:: What you are asked to do ::
Please repeat the records exactly. The pictures are to be left out.

=== Task inputs ===

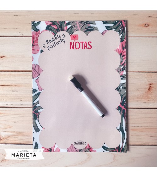 ¡En oferta! Quick view Add to cart Lista de deseos Notas p/Heladera - Tropical Precio 500,00 $ Notas tamaño A4 imantado para poner en la heladera. Incluye el marcador para escribir y borrar.
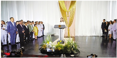 当天在为泰党总部举行的仪式上,阿帕现场宣读王室谕令。佩通坦在接受任命后表示,她将尽最大努力承担起总理职责,让泰国成为机遇之国。
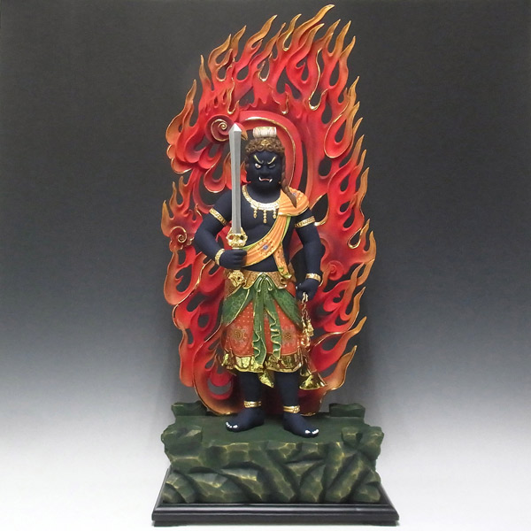 楠 彩色不動明王 立像 86cm 木彫り 仏像
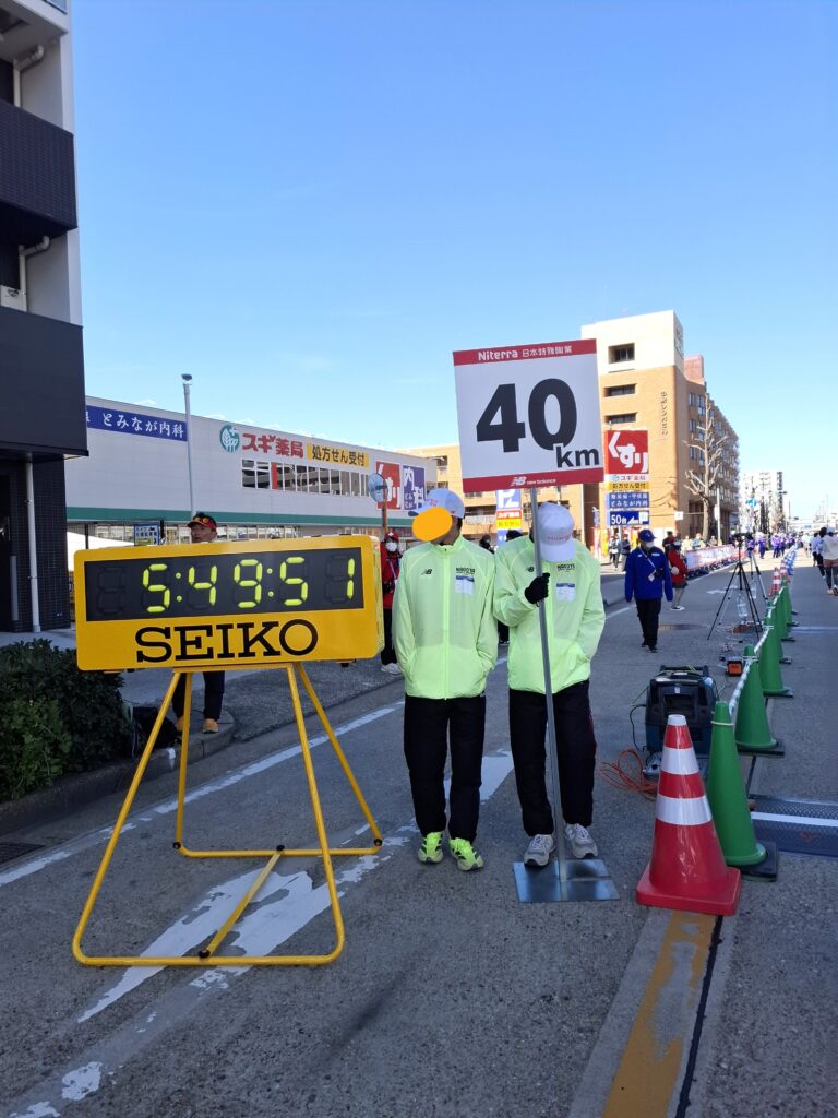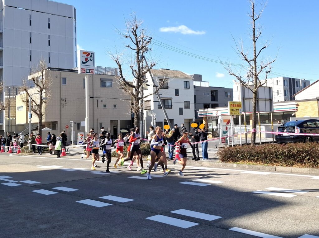 スタート時刻が10時20分で、速いランナーは1時間以上前にスタートしている名古屋ウィメンズマラソンのランナーに途中で追いつき抜いていきます。
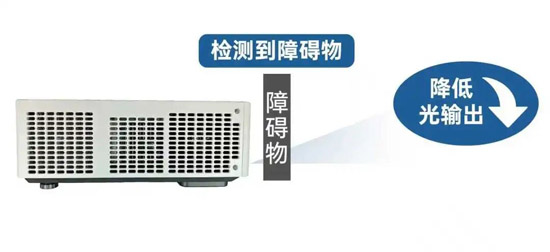 当检测到镜头前方有遮挡时,投影机将自动减少光输出,以此来降低热量,避免了镜头在被遮挡时热量过高而可能造成的不良影响。同时,投影画面上也将显示警告信息,及时提醒人们出现了镜头遮挡,要进行相应的处理移除遮挡物。而当投影机检测到障碍物被移除后,光输出则将自动恢复正常,继续呈现高质量的投影影像。
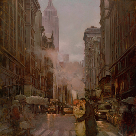 “Lovers in a Dangerous Time” capitalizes on Lorusso’s additional skills in urban landscapes. Here, the tall buildings along a busy, big-city street seem to press in on an embracing couple, who are seizing the moment to kiss even though they are in a crosswalk. The “danger” could be the traffic, the mysteries of the relationship itself or the larger context of the historical moment. Lorusso cites masters of figurative painting from the turn of the 20th century among his influences, and it’s evident he knows how to give the genre a 21st-century vibe.
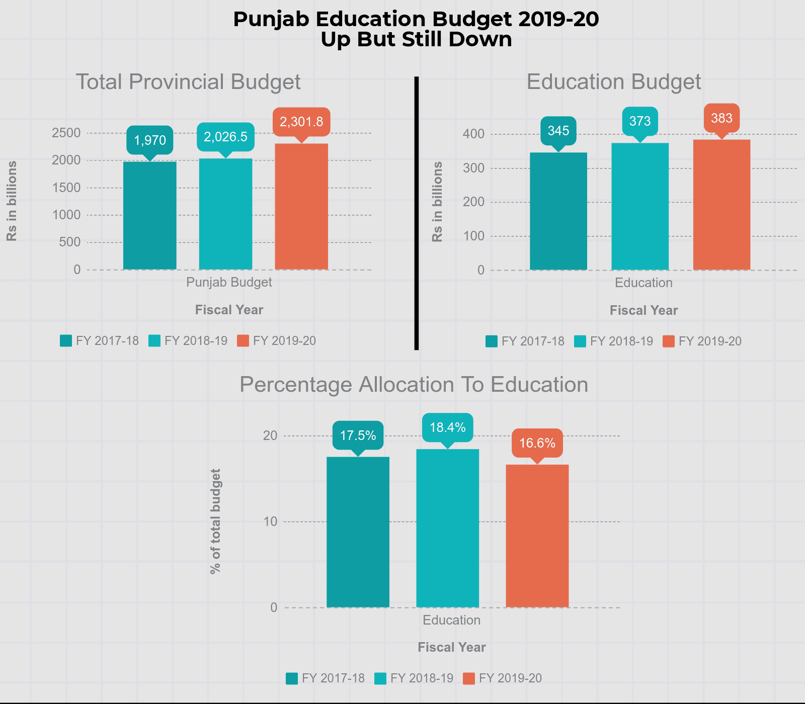 When considered against the 2017-18 budgetary allocations approved by the PML-N’s provincial government, education again seems to be at loss. The PML-N government allocated Rs 345 billion or 17.51 percent of the total budget of the province to education in fiscal year 2017-18. This means the allocation for allocation was 0.87 percent more two years ago than what it is this fiscal year.
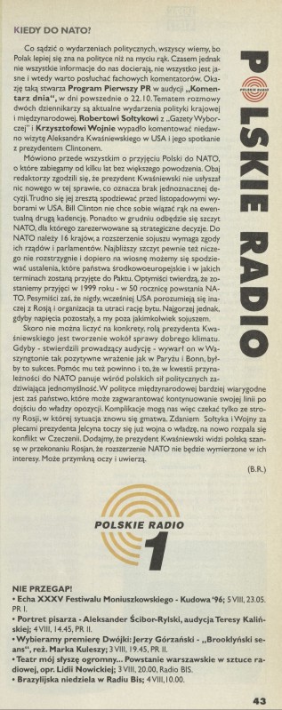 Archiwum / Artykuł nr 2667 (31/1996) 113476/123969 Podziel się Tytuł Kiedy do NATO? Autor B.R. Kategoria Artykuł Artykuł z numeru 2667 (31/1996) Data wydania 4 sierpnia 1996 Tagi Polskie Radio audycje
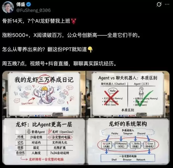 养出了三万的傅盛站在了“养虾”风潮的潮头,个人用户与企业组织能否也拥有同款三万,让AI为自己做事,给自己打工?
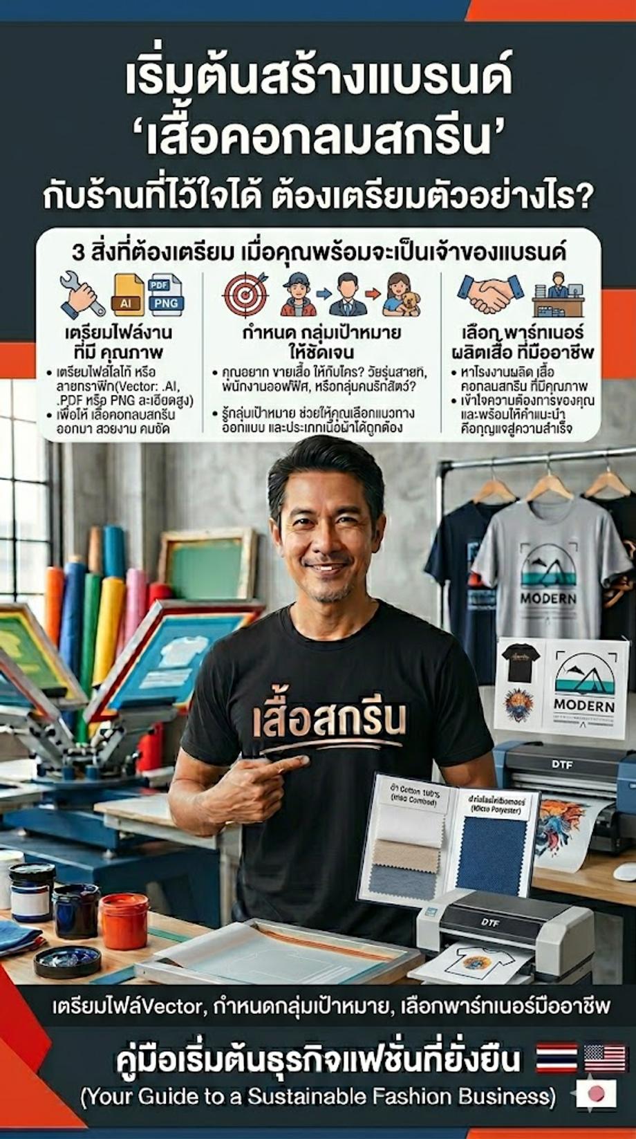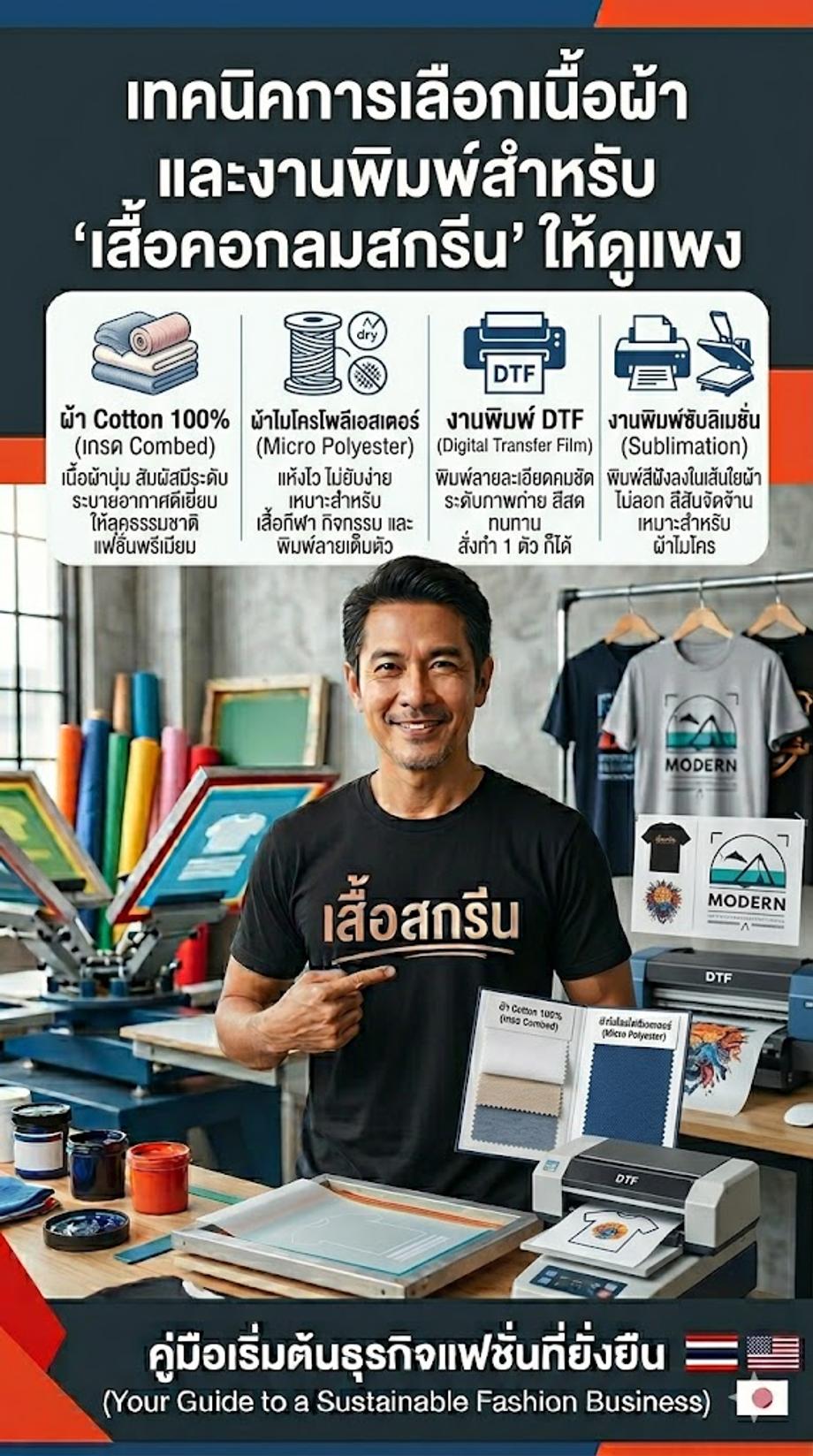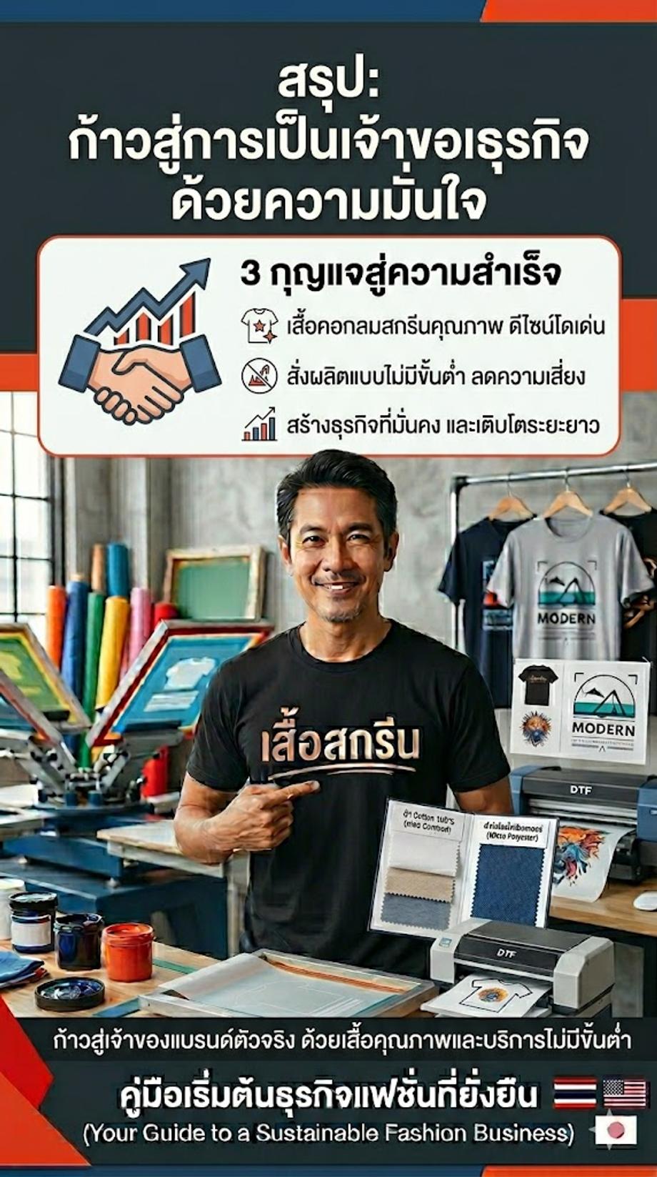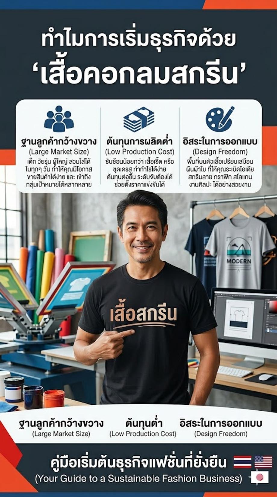หากคุณ เป็นคนหนึ่ง ที่อยากมีรายได้ เสริม หรือ อยากปั้น แบรนด์เสื้อยืด ของตัวเอง ให้เติบโต บทความนี้ จะพาคุณ ไปเจาะลึก ทุกแง่มุม ของการสั่งทำ เสื้อคอกลมสกรีน ตั้งแต่ การวางแผน ธุรกิจ ไปจนถึง การเลือก เนื้อผ้า และ งานพิมพ์ เพื่อให้คุณ เริ่มต้น ธุรกิจ ได้อย่าง มั่นใจ และ มีโอกาส ประสบความสำเร็จ มากที่สุด ค่ะ!

===

:: Answer section ::
 ¡En oferta! Quick view Add to cart Lista de deseos Notas p/Heladera - Tropical Precio 500,00 $ Notas tamaño A4 imantado para poner en la heladera. Incluye el marcador para escribir y borrar.
 当天在为泰党总部举行的仪式上,阿帕现场宣读王室谕令。佩通坦在接受任命后表示,她将尽最大努力承担起总理职责,让泰国成为机遇之国。
 楠 彩色不動明王 立像 86cm 木彫り 仏像
 スタート時刻が10時20分で、速いランナーは1時間以上前にスタートしている名古屋ウィメンズマラソンのランナーに途中で追いつき抜いていきます。
 当检测到镜头前方有遮挡时,投影机将自动减少光输出,以此来降低热量,避免了镜头在被遮挡时热量过高而可能造成的不良影响。同时,投影画面上也将显示警告信息,及时提醒人们出现了镜头遮挡,要进行相应的处理移除遮挡物。而当投影机检测到障碍物被移除后,光输出则将自动恢复正常,继续呈现高质量的投影影像。
 “Lovers in a Dangerous Time” capitalizes on Lorusso’s additional skills in urban landscapes. Here, the tall buildings along a busy, big-city street seem to press in on an embracing couple, who are seizing the moment to kiss even though they are in a crosswalk. The “danger” could be the traffic, the mysteries of the relationship itself or the larger context of the historical moment. Lorusso cites masters of figurative painting from the turn of the 20th century among his influences, and it’s evident he knows how to give the genre a 21st-century vibe.
 When considered against the 2017-18 budgetary allocations approved by the PML-N’s provincial government, education again seems to be at loss. The PML-N government allocated Rs 345 billion or 17.51 percent of the total budget of the province to education in fiscal year 2017-18. This means the allocation for allocation was 0.87 percent more two years ago than what it is this fiscal year.
 Archiwum / Artykuł nr 2667 (31/1996) 113476/123969 Podziel się Tytuł Kiedy do NATO? Autor B.R. Kategoria Artykuł Artykuł z numeru 2667 (31/1996) Data wydania 4 sierpnia 1996 Tagi Polskie Radio audycje
 养出了三万的傅盛站在了“养虾”风潮的潮头,个人用户与企业组织能否也拥有同款三万,让AI为自己做事,给自己打工?
หากคุณ เป็นคนหนึ่ง ที่อยากมีรายได้ เสริม หรือ อยากปั้น แบรนด์เสื้อยืด ของตัวเอง ให้เติบโต บทความนี้ จะพาคุณ ไปเจาะลึก ทุกแง่มุม ของการสั่งทำ เสื้อคอกลมสกรีน ตั้งแต่ การวางแผน ธุรกิจ ไปจนถึง การเลือก เนื้อผ้า และ งานพิมพ์ เพื่อให้คุณ เริ่มต้น ธุรกิจ ได้อย่าง มั่นใจ และ มีโอกาส ประสบความสำเร็จ มากที่สุด ค่ะ!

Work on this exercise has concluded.